Note, this example was derived from fallible human memory and is involved enough where there are likely mistakes. That said, this example is a very close representation of how the system actually works. I also didn’t mention version ‘families’ and simply generated new random versions where ‘families’ would have been used. This is a simplification for the purposes of discussion the fundamental algorithm - ‘families’ could have been done by generating a new random version instead, but we chose ‘families’ to make tracing/debugging the algorithm from logs simpler.

  1. Partition versions can be found here:
  2. How partitions advance during ‘rebalance’ can be found here:
  3. How partitions advance during emigration/immigrations can be found here: and
  4. How partition information is exchanged between nodes:

Also note that this example assumes ‘AP’ and not ‘Strong Consistency’ mode. These behaviors change in subtle and non-subtle ways for strong consistency.


Thank you @kporter. Understood.

So what’s the expected behavior for read during migration? Suppose we’re in the ‘Strong consistency’ mode, and there are continuous writes during migration. For example,

1 initial state-> Cv1m Bv1p. In this state, will B serve read?

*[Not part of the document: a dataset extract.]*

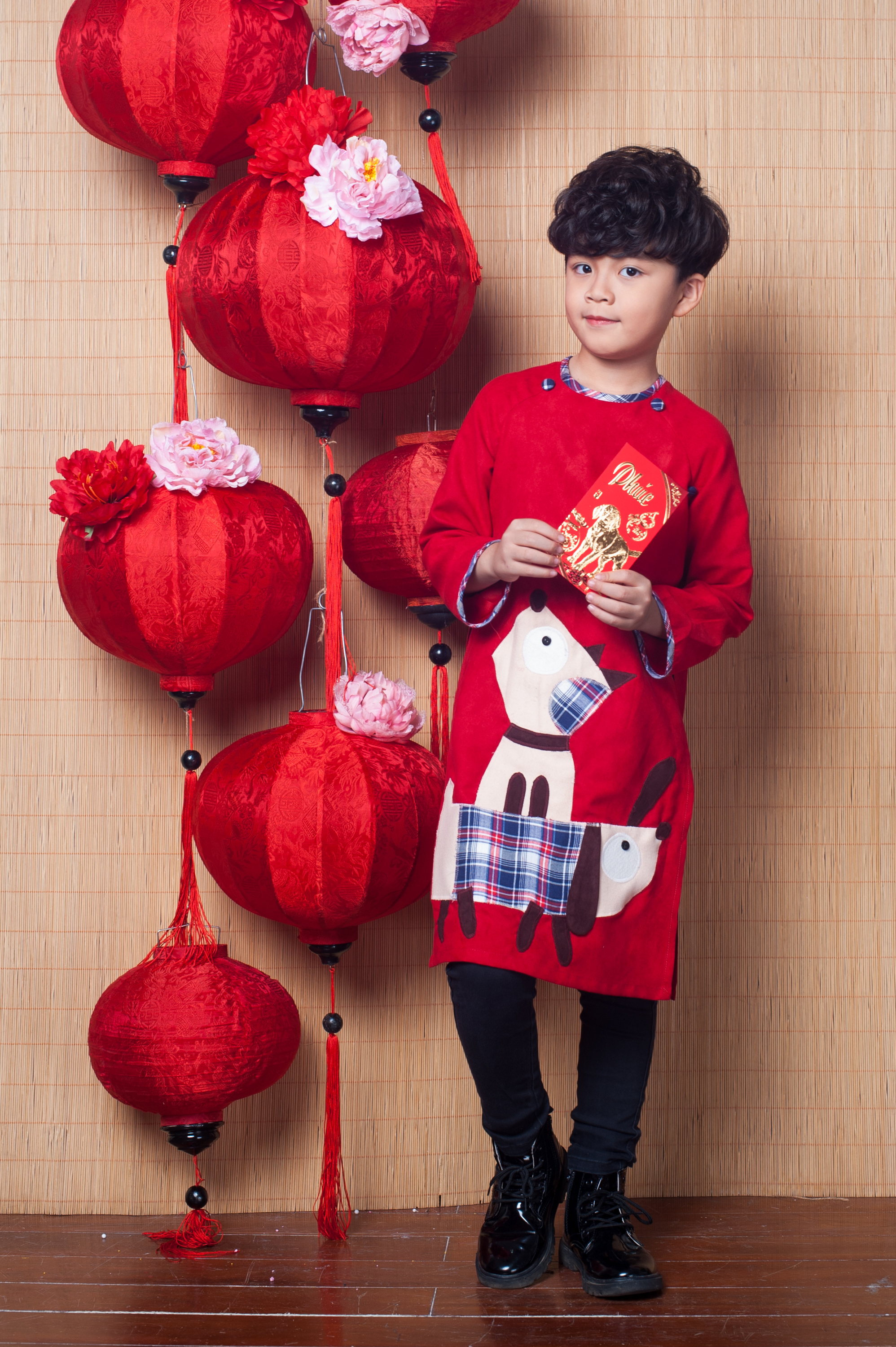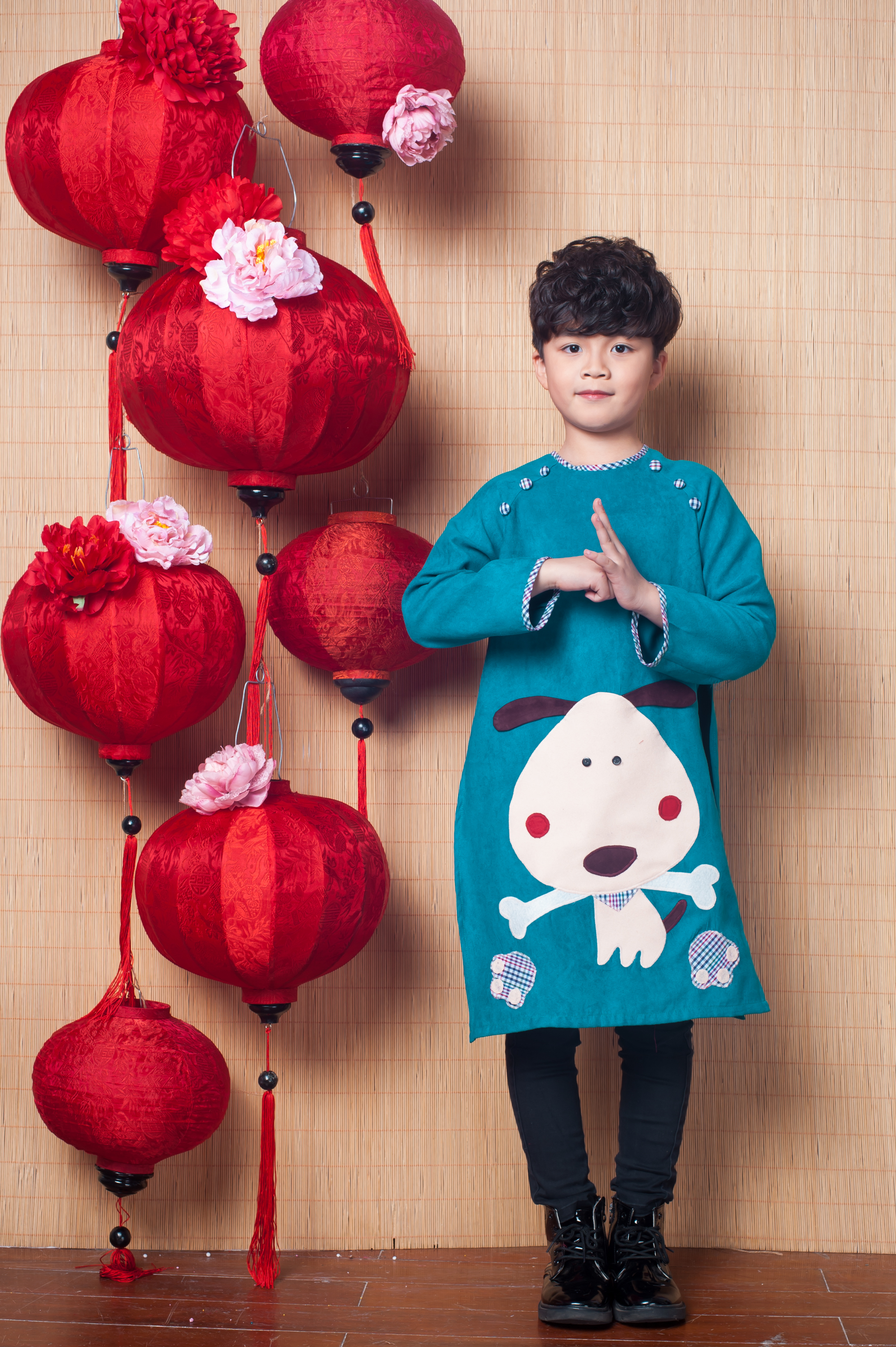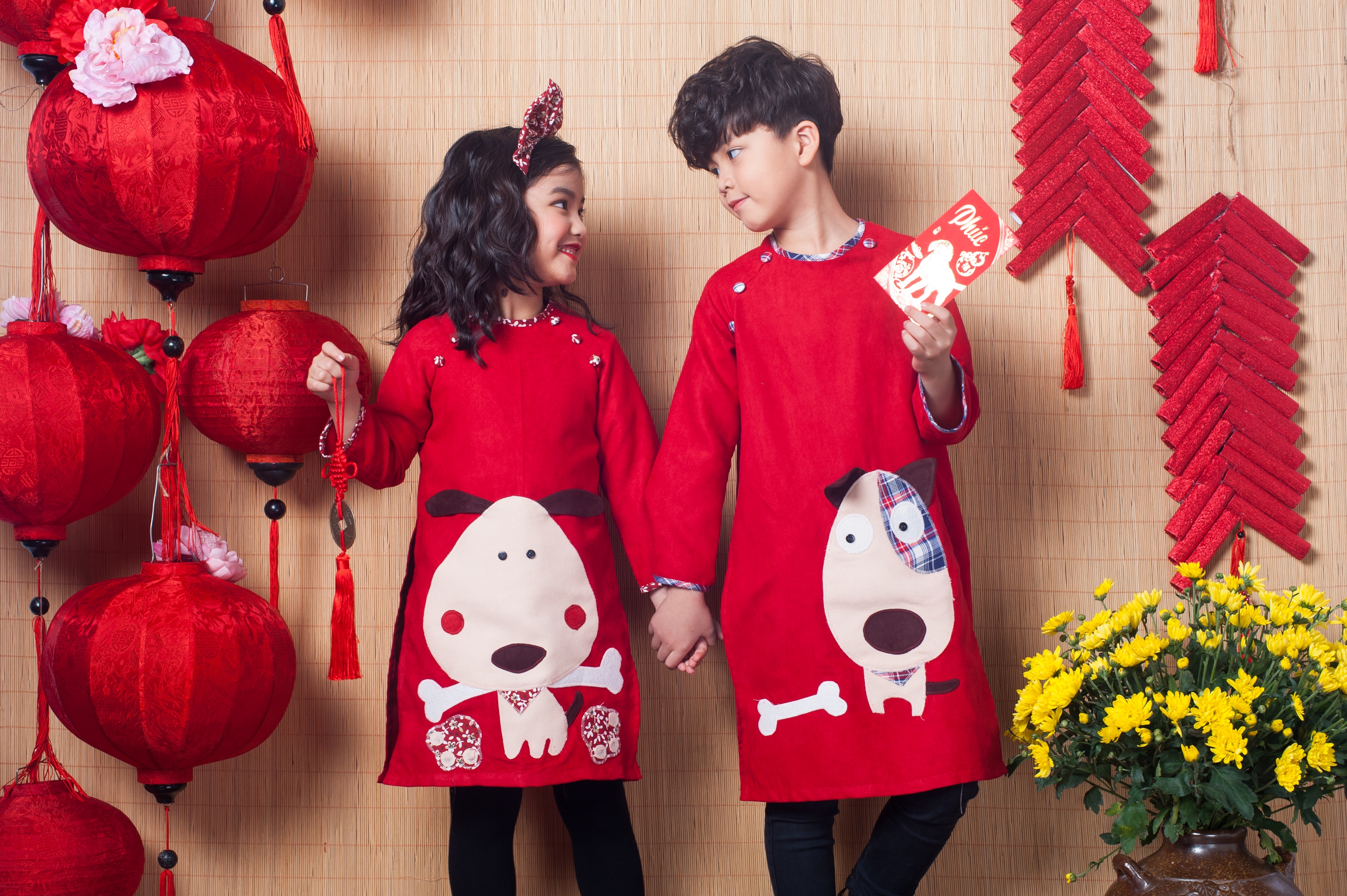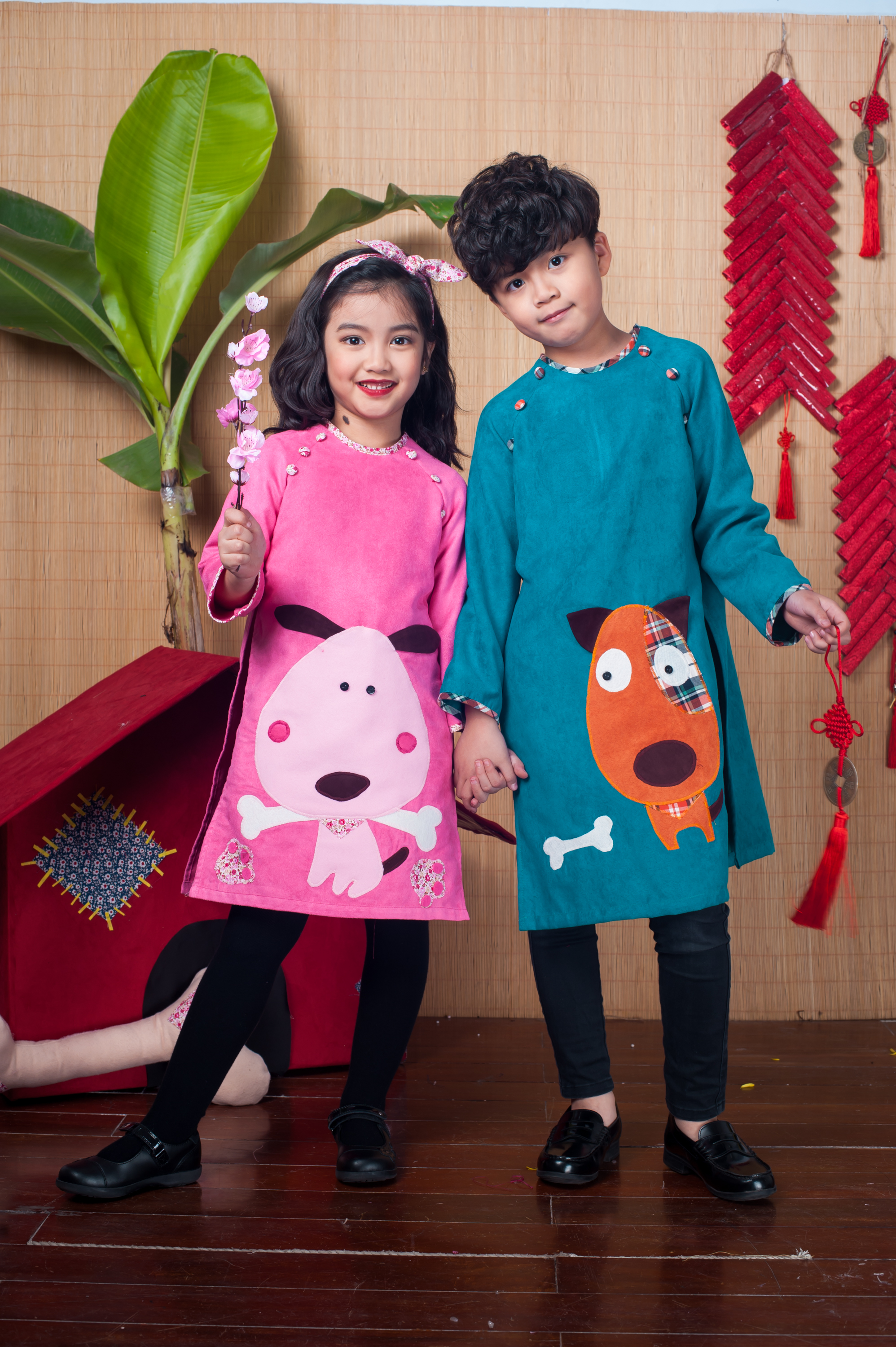 Cặp đôi siêu mẫu nhí nổi danh Hà thành vừa thực hiện những hình ảnh đẹp tựa trong tranh với chủ đề mừng xuân Mậu Tuất 2018. Trang phục lần này của các bé là những chiếc áo dài nằm trong BST “Tết Con cún” với thiết kế khá độc đáo của Ó Boutique. Điểm đặc biệt của chúng là vạt áo được thêu những chú cún ngộ nghĩnh.

2 Adding a node A-> Cv2m Bv1 Av2s. So when adding a node A, let’s suppose that the master replica will be migrated to A. So A becomes a subset and B becomes ‘non-replica’, right? In this phase, when reading a record in ‘strong consistency’ mode, how the duplicate resolve is performed? Because there may be old data in Bv1(e.g. k1->v1) and new data(e.g. k1->v2) in Cv2m and Av2s. How can the client be assured to read the value v2 instead of v1?

B can serve a read in this state. By default all reads go the the master, but the client can be configured to read from the replicas. Reading from replicas means your reads will not be linearizable. We call this mode ‘relaxed consistency’. Though it is possible to implement these reads to preserve sequential consistency, presently it doesn’t do that either; we have a plan to make these reads sequentially consistent so expect this to change. If you aren’t familiar with these terms, linearizable basically means that successive reads for a particular record performed by many client processes cannot read an older value then what the previous read form any client has returned. Sequential (I like to think of as “session”) consistency mean that a particular client may not read an older version of a record the it has already read but that read may be older than another client process prior read.

The order you list the nodes is important. For a particular cluster membership/configuration each partition generates a particular node succession ordering. The first element is designated ‘final-master’ the following replication-factor - 1 elements are ‘proles’ (aka non-master-replicas) and any remaining nodes with data are ‘non-replicas’.

So I believe you are describing A coming in as a replica:

# The version sequence will enter re-balance as:
Cv1m A Bv1p
# The versions will advance to:
Cv2m Av2s Bv2s

In this state, duplicate resolution is not necessary since both A and B are subsets of C. During this time any reads that where targeting B will be proxyeed to C.